The Sugar Wife

Elizabeth Kuti
Rough Magic
Soho Theatre
(2006)

Production photo
Production photo

The Sugar Wife has the power and simplicity of a biblical parable. It also has considerable depth and, on occasions, an excess of earnestness.

Designer Paul Keogan sets the tone with a bare wooden platform that represents not only the home of Martha, a syphilitic prostitute, but more unexpectedly that of the wealthy but self-abnegating Tewkleys, a husband and wife blessed with money but no offspring.

The play is set in Dublin in 1850 where the poverty is so marked that even a freed African-American slave regards Irish life as far harder than that in her own country.
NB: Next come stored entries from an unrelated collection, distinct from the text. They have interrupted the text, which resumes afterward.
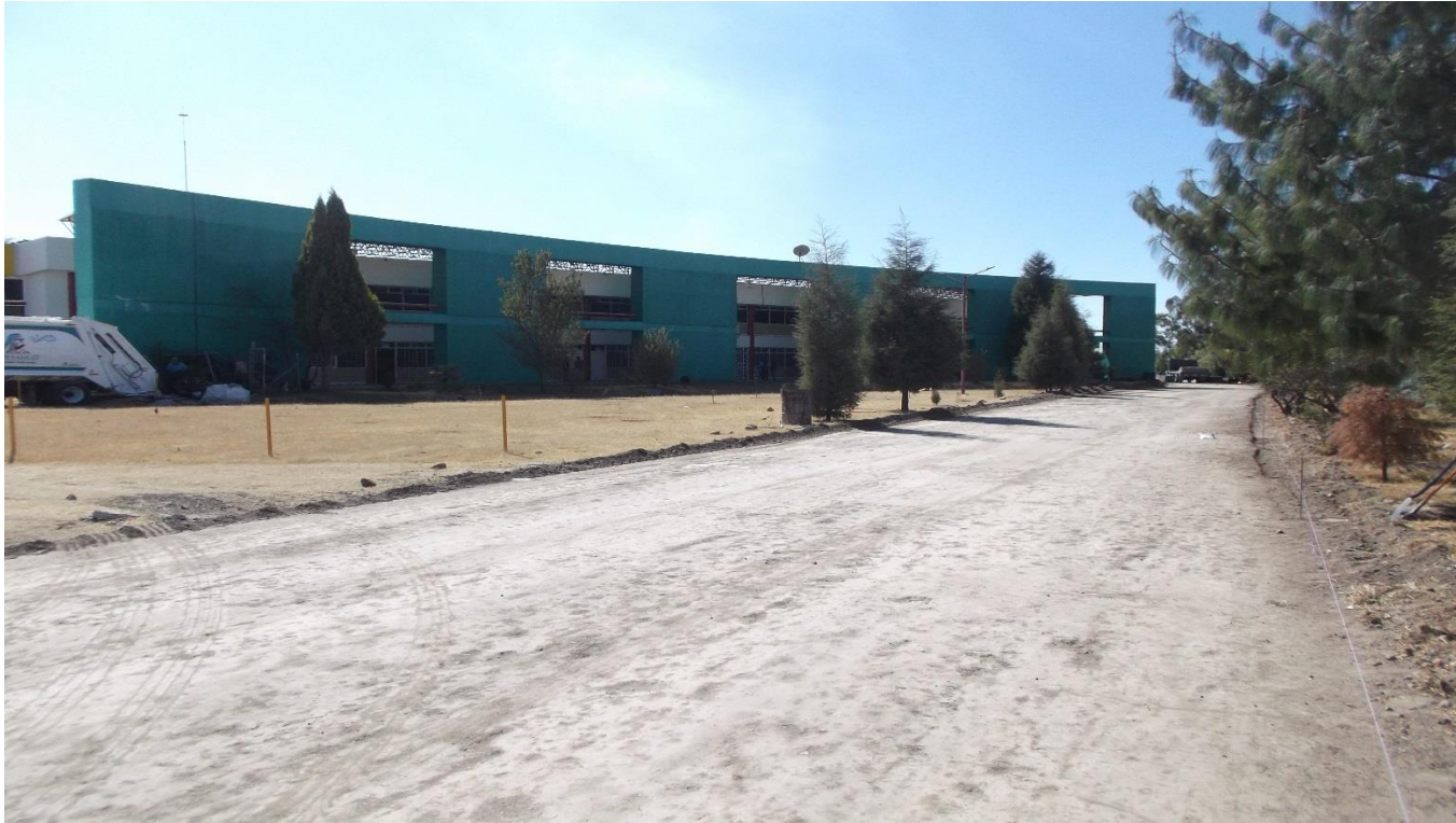
OBRA EXTERIOR: TENDIDO Y COMPACTADO DE BASE HIDRAULICA PARA LA CONSTRUCCION DE CIRCUITO PERIMETRAL INTERIOR A BASE DE GUARNICIONES DE CONCRETO Y ADDQUIN TIPO LAJA 20X20. UBICADO EN LADO NORTE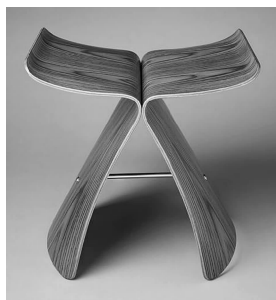
图4 柳宗理设计的蝴蝶凳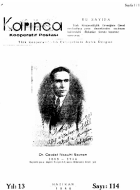
Resim 6. Karınca Dergisi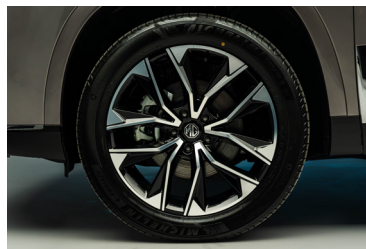
Jantes alliage 20"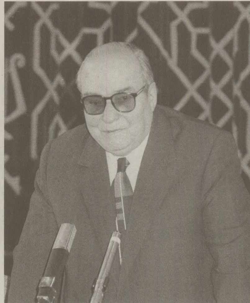
Fostul reprezentant al României în CAER în etapa desprinderii de sub controlul sovietic era un proscris în 1989

De altfel, difuzarea scrisorii la Radio Europa Liberă a fost pentru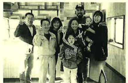
ワクワク度UPのH様邸♪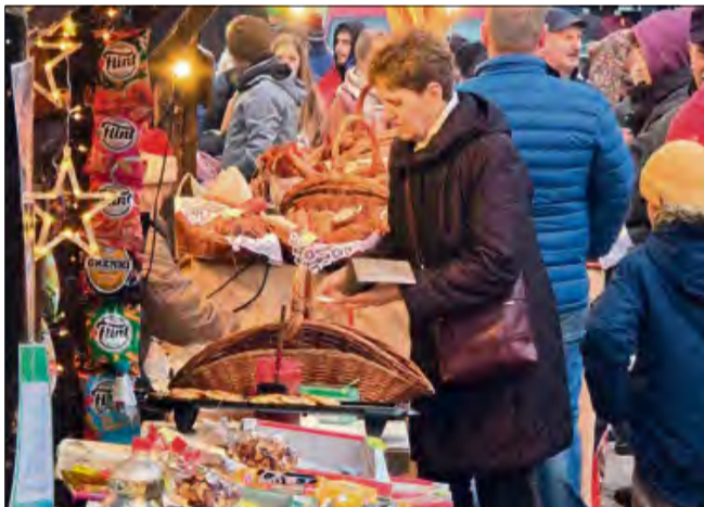
Lokalni producenci z bogatą ofertą świąteczną.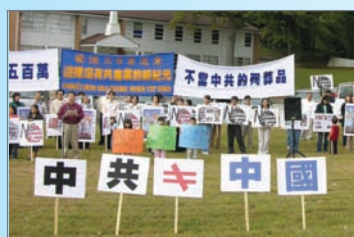
美国亚特兰大举办退党集会

自从2004年11月，大纪元时报发表《九评共产党系列社论》，从历史、政治、经济、文化、信仰等层面深刻皆是中共的欺骗、暴力、邪教和流氓本性。《九评》在大陆引发空前退党大潮，至今，已经发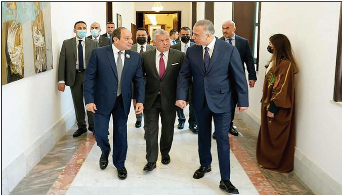
رئيس الوزراء العراقي مصطفى الكاظمي مستقبلاً الملك الأردني عبد الله الثاني والرئيس المصري عبد الفتاح السيسي في بغداد أمس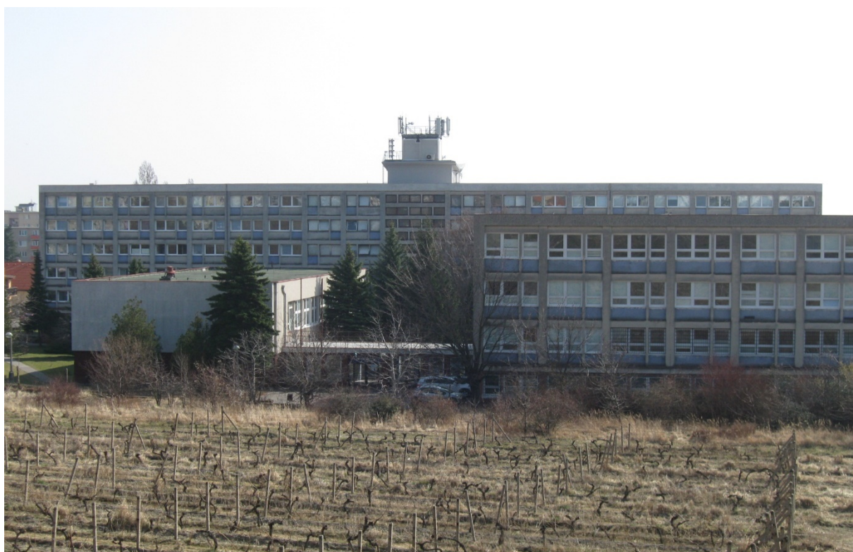
budova internátu – Hliníčka 1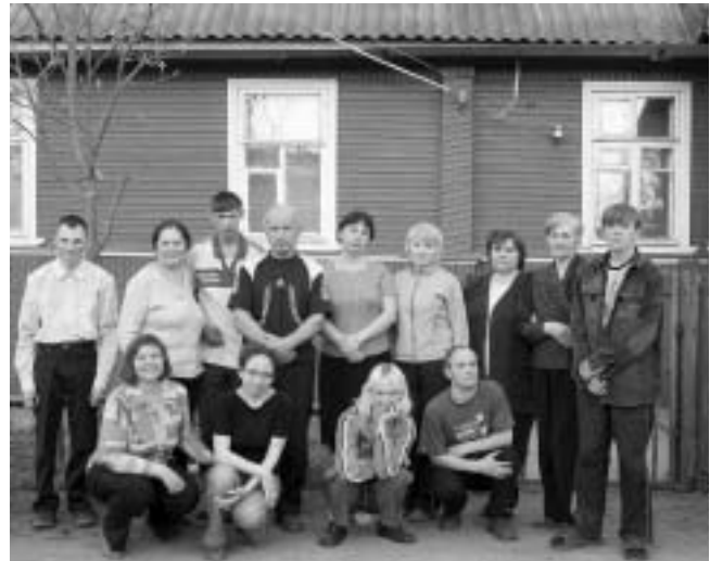
The Social hotel staff and the young disabled adults benefiting from the project.

visited their relatives on a regular basis and 12 visited host families on weekends and during holidays. The experience that a child gains growing up in his family or in a substitute family is unique. It cannot be taught to a child living in an institution through role-play or in a social adaptation class. The earlier an institutionalised child is placed in family-based care, the more chances he has of successfully integrating society and living independently or semi-independently.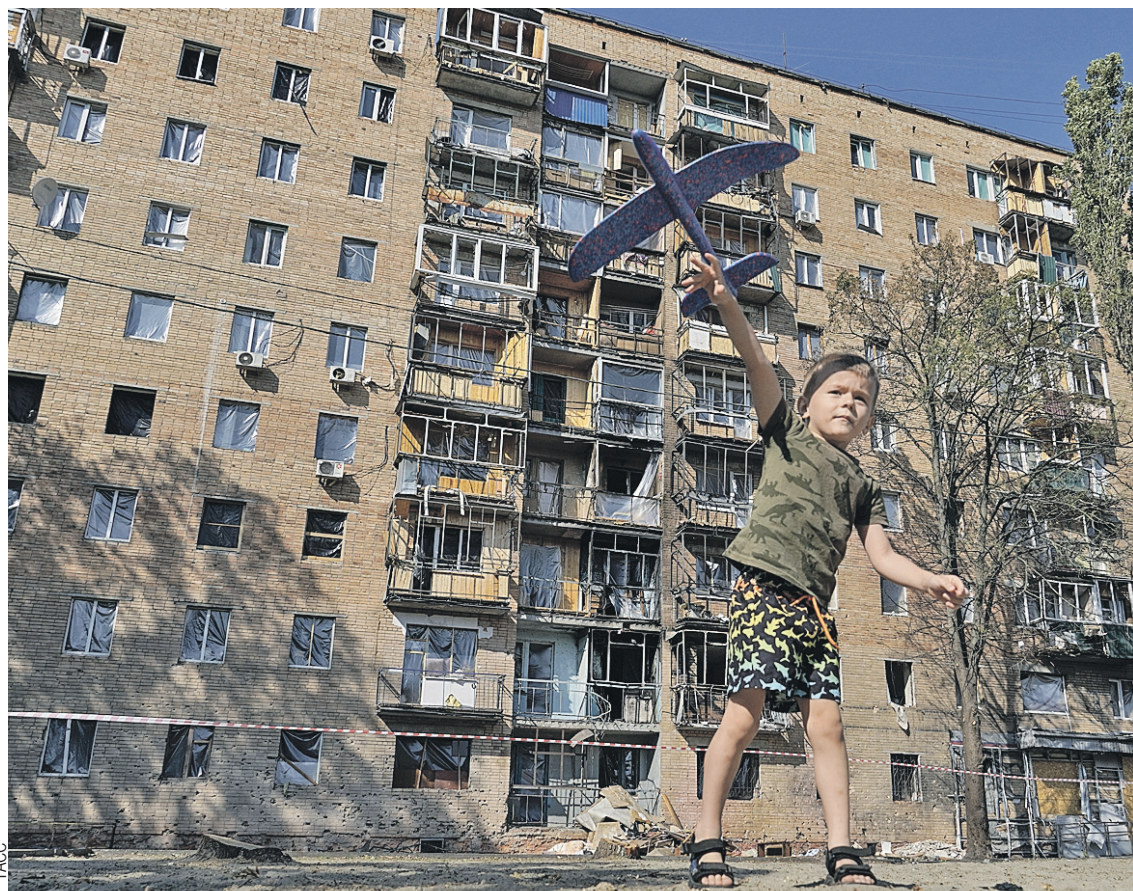
В 2024-м дети в Курске увидели, что небо может нести не только голубую мечту, но и черную смерть.

и сняли с должности главы Суджанского района.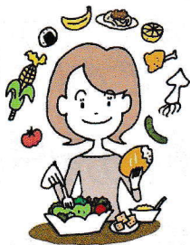
バランスの良い食事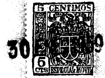
Fig. 1 a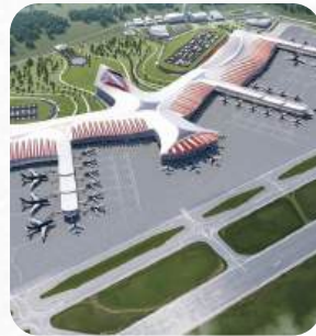
Dự án Cảng hàng không quốc tế Phú Quốc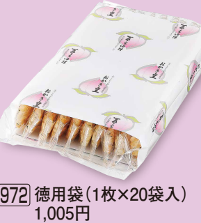
972 徳用袋 (1枚×20袋入) 1,005円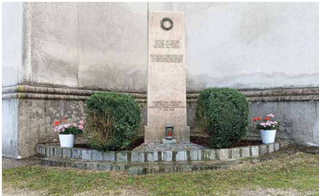
Der Gedenkstein nach den Säuberungsarbeiten und der Reinigung des großen Steines

Pflege der Kameradschaft, soziales, karitatives und kulturelles Engagement, Stärkung des Wehrgedankens, Ehrung der Toten, Bau und Wartung der Kriegerdenkmäler im geografischen Bereich des Ortsverbandes.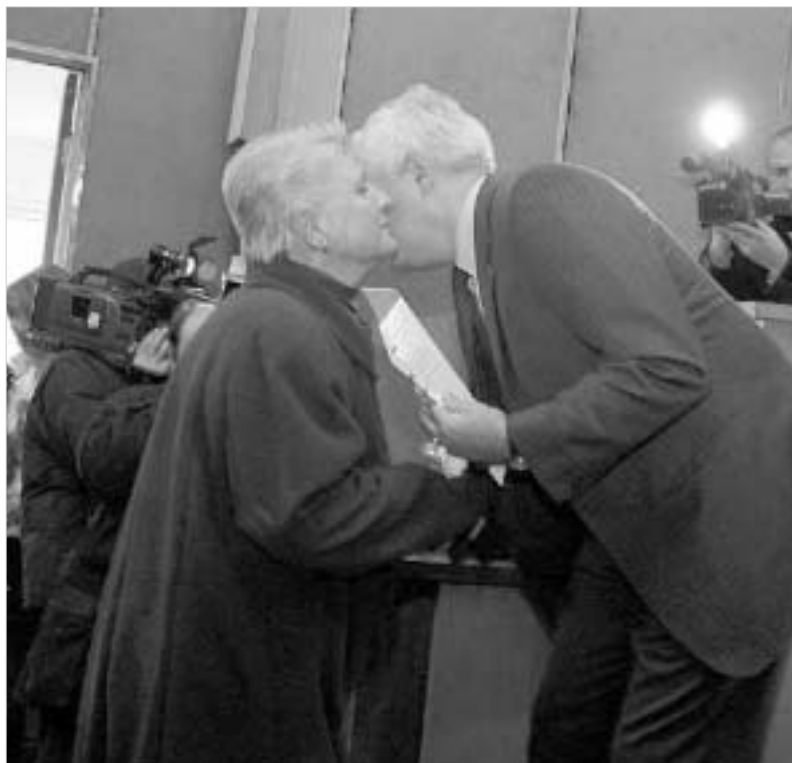
ამირან გამყრელიძე თავად აჭილდობდა

უკვე მესამედ წელიწადია, რაც საქართველოში 23 დეკემბერს ქართული მედიცინის დღეს აღნიშნავენ. ამ დღესთან დაკავშირებით, ვუშინ საქართველოს შრომის, ჯანმრთელობისა და სოციალური დაცვის მინისტრმა ამირან გამყრელიძემ ღვაწლმოსილი მედიცინის მუშაკები ოქროს საბატონო მედლებით, ორდენებითა და წითელი ვარდებით დააჯილდოვა.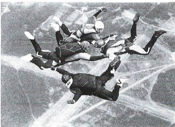
IMPIÄ taivaalta. Harjoittelua Imatralla 1990.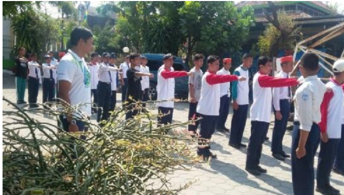
Gambar 2. Latihan TONTI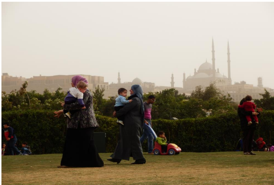
Z pozice sedu vyfocen pohled na káhirskou Citadelu v pátečním odpoledni.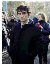
La politica Sopra, il sindaco Lepore (con il generale Stefanini) e qui sopra il viceministro Galeazzo Bignami di Fratelli d'Italia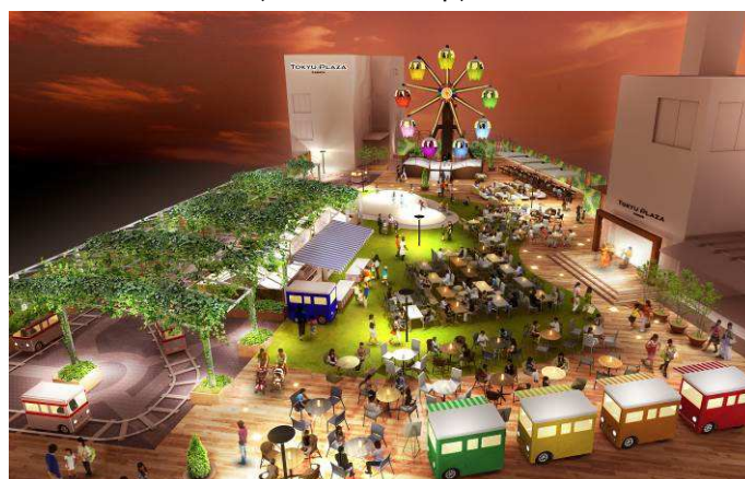
2014年10月～ リニューアルオープン後 屋上イメージ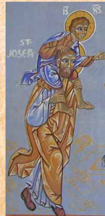
Saint Joseph le retour d'Egypte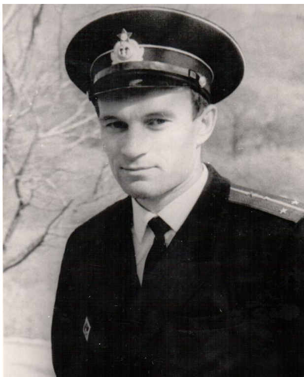
Уже не мальчик. Понял, какова служба на грани с экстримом, 1966 год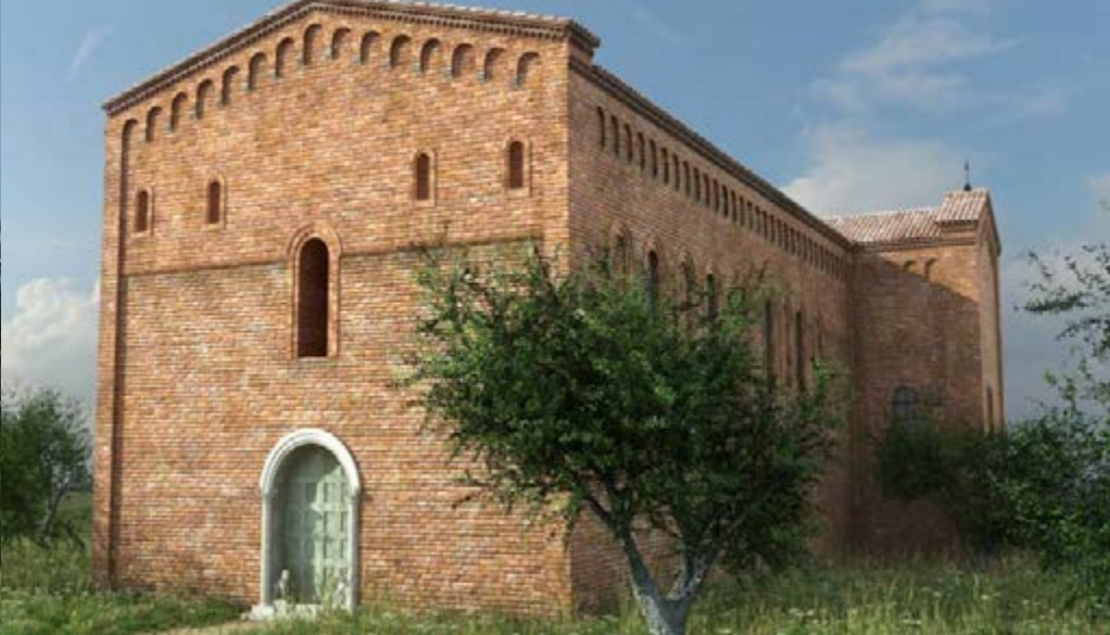
Chiesa abbaziale normanna di Scolacium ricostruzione virtuale commissionata dal Festival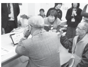
認知症スクリーニング機器を導入

そこで地域ぐるみで認知症サポーター養成講座の受講や、タッチパネル式の認知症スクリーニング機器を導入。認知症の予備軍を早期に発見し、認知症を予防するような取組を始めていきます。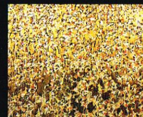
Плевен на времето, 2002 акрил и фолија на хартија, 110x150cm. Weeds of Time, 2002 acrylic and foil on paper, 110 x 150 cm.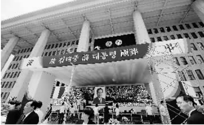
8月20日,在韩国首都首尔,工作人员在国会前布置悼念已故总统金大中的国家灵堂。

此前仅在1979年为在任期内遇刺身亡的朴正熙总统举行过国葬。金大中因患肺炎于7月13日住院接受治疗,中间病情有所反复,终因病情加重医治无效,于8月18日下午去世,享年85岁。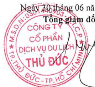
Đào Đức Cang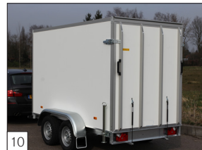
10 Option: Heckklappe mit Gasdruckfedern und doppeltem Verschluss links und rechts.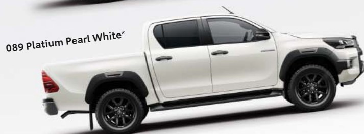
089 Platium Pearl White*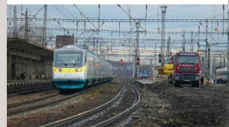
■ Modernizace trati Praha Libeň – Praha Běchovice, rekonstrukce žst. Praha Běchovice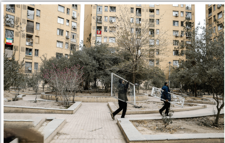
انتقال پنجره‌های جایگزین از محوطه مجتمع‌های مسکونی؛ تلاش بی‌وقفه برای اینکه هیچ خانواده‌ای امشب را در خانه‌ای بدون پنجره سر نکند.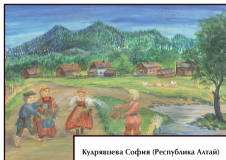
Куарьянцва София (Республика Алтай)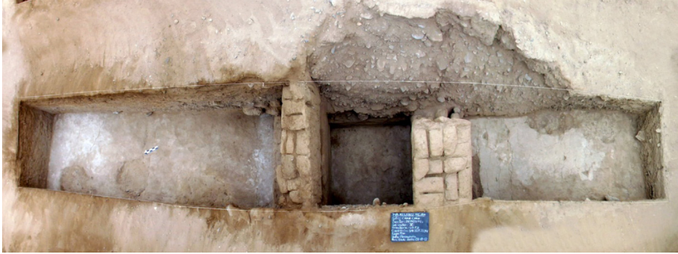
Figura 5. Presencia de pigmentos blancos en los pisos de los diferentes ambientes (derecha e izquierda son depósitos y el centro es una vía de circulación) en el sector de almacenamiento.

como ingredientes; asimismo considerar a estas especies simplemente como fauna acompañante y sin ningún valor económico estaría errado, ya que no se encuentran en un entorno de recolección y/o de consumo directo, además un contexto de almacenamiento no permite la presencia de este tipo de material puesto que los bienes acopiados presentan un valor económico y para llegar hasta estos ambientes deben ser seleccionados, siendo depositados solamente los bienes que puedan ser aprovechados luego en alguna actividad cuando se les necesite. Todo esto respondería a la gran presencia de Donax sp. (8330 NISP/4818 NMI) y, aunque normalmente se asocia este bivalvo a actividades de consumo, en esta ocasión la naturaleza de su presencia es otra, dado que luego de ser utilizada como parte de la dieta local en un instante anterior a su almacenamiento, al igual que el Choromytilus chorus , las valvas de este molusco son acopiadas en este sector para luego ser utilizadas con fines industriales muy variados.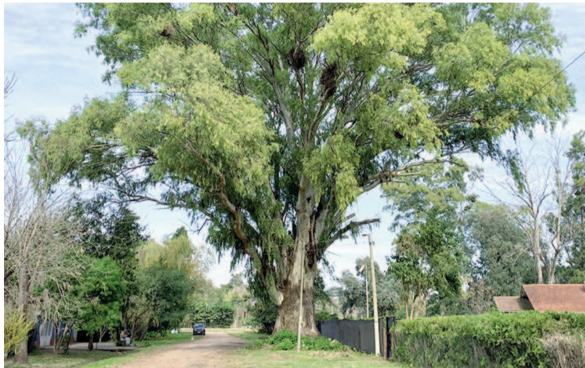
La ciudad de Roldán es lugar de cobijo del eucalipto más grande y longevo de toda la región.

Entre pantanos, zanjones y mosquitos hambrientos, se creyó encontrar la solución en este árbol. En suelos húmedos, el eucalipto podía ab-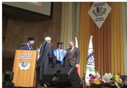
Autoridades durante el acto

Por otro lado, la Facultad de Humanidades de la Universidad de la Amistad de los Pueblos, en Moscú, cuenta con dos programas de doble titulación con las universidades de las Islas Baleares y Complutense. A finales de junio también se hizo entrega de sus diplomas a los alumnos de estos programas de estudios. Los programas de doble titulación representan uno de los niveles de mayor profundización en la cooperación educativa entre instituciones universitarias.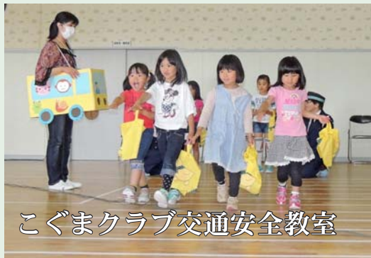
こぐまクラブ交通安全教室

The Tewkleys have every right to be happy. They have their deeply-held Quaker faith to support them and Samuel's tea and sugar business is thriving in a starving city and has made him a very rich man.

The development of his business suggests that he may be loosely based on Charles Bewley, progenitor of what has become a thriving Dublin phenomenon and the first man to bring tea to Ireland from China.

Barry Barnes plays Samuel who builds up an honourable business while buttoned-up wife Hannah (Jane Brennan), the pick of the cast in the title role, does her best for the community. She visits Martha and others in the dangerous but ironically named Liberties district of the city, distributing sympathy and moral rectitude but little in the way of alms.

Life at home is irredeemably dull for the couple who struggle to connect and have gone way beyond the time when carnal bliss was a pleasure for either.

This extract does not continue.